Instagram was founded less than two years ago by two Stanford graduates-  Kevin Systrom and Mike Krieger, who are in their 20s, and are now multi-millionaires. “It’s the Web fairy tale that all startups dream of,” said an analyst with Forrester Research, who added: “They took a simple behavior – sharing pictures with friends – and made it a utility that people want.”

Instagram has just 12 employees including its two partners. In early 2011, Zuckerberg of Facebook reached out to Instagram to discuss buying the company, but Systrom chose to keep it independent and focus on expanding it. At the time, Instagram had fewer than 7 million users. Now celebrities like Justin Bieber and brands like Gucci post regular updates.

Some users of Instagram are not happy with this acquisition. Soon after the news broke, many Instagram fans began voicing their displeasure on the service and on Twitter and Facebook. Others lamented the loss of what they saw as an alternative to Facebook and threatened to delete their accounts.

Facebook said it plans to keep Instagram running independently. That’s a departure from its tendency to buy small startups and integrate the technology – or shut them down altogether just so it can hire talented engineers and developers.

“It’s important to be clear that Instagram is not going away. We’ll be working with Facebook to evolve Instagram and build the network,” wrote Systrom in a company blog post.
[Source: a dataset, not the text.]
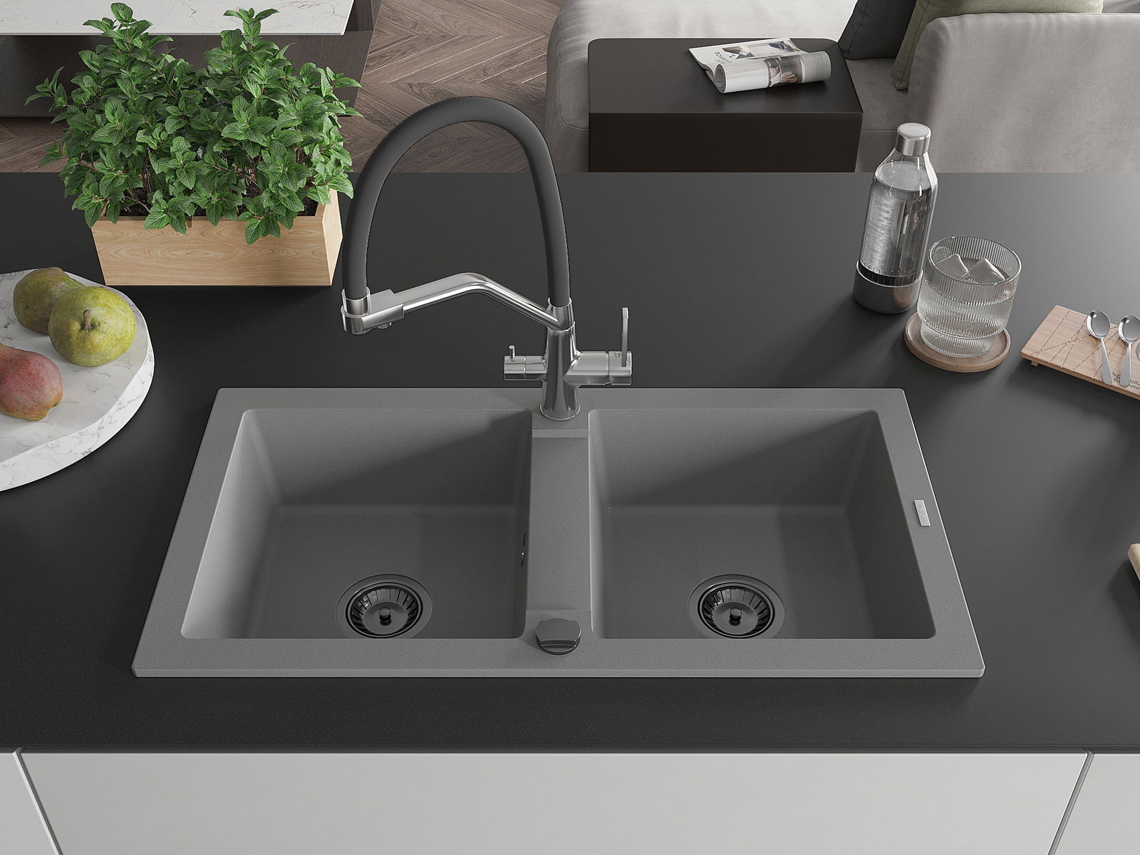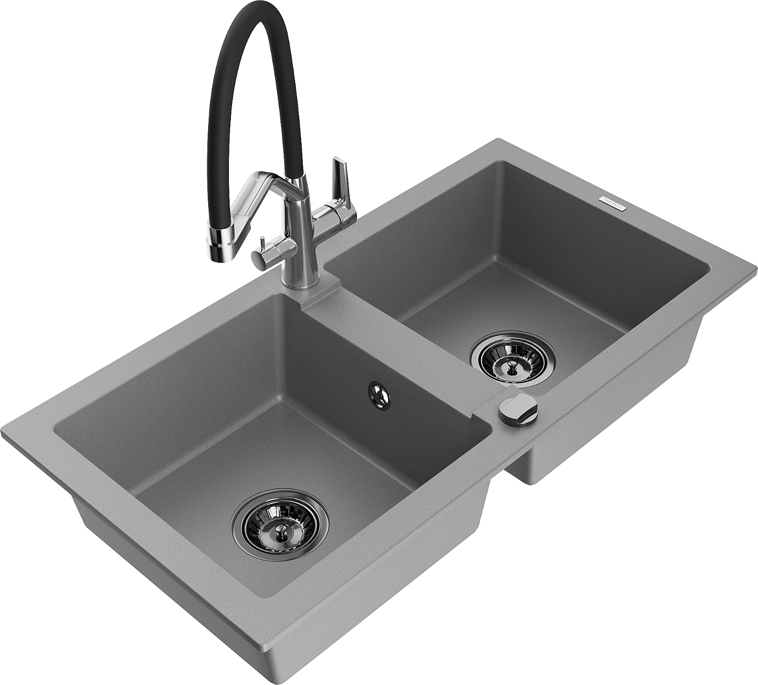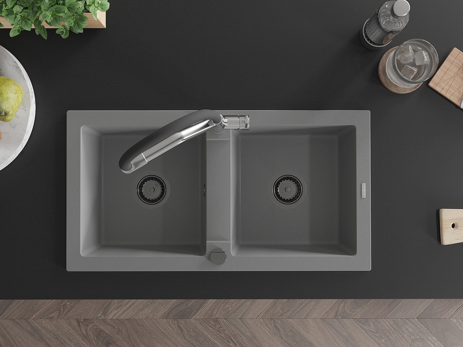 Mexen Mario lavello da cucina in granito a 2 vasche con rubinetto Duo, grigio - 6504-71-671701-07-B

Instagram and Facebook executives declined to comment further on Monday.

Facebook’s billion dollar valuation of Instagram makes the less-than-two-year-old startup more valuable than 161-year-old The New York Times Company. The New York Times Company, publisher of media heavyweights like The New York Times, International Herald Tribune and The Boston Globe, amongst others, was valued at 946 million dollars based on yesterday’s closing price at the NYSE. This shows that modern technology companies are far ahead of conventional businesses.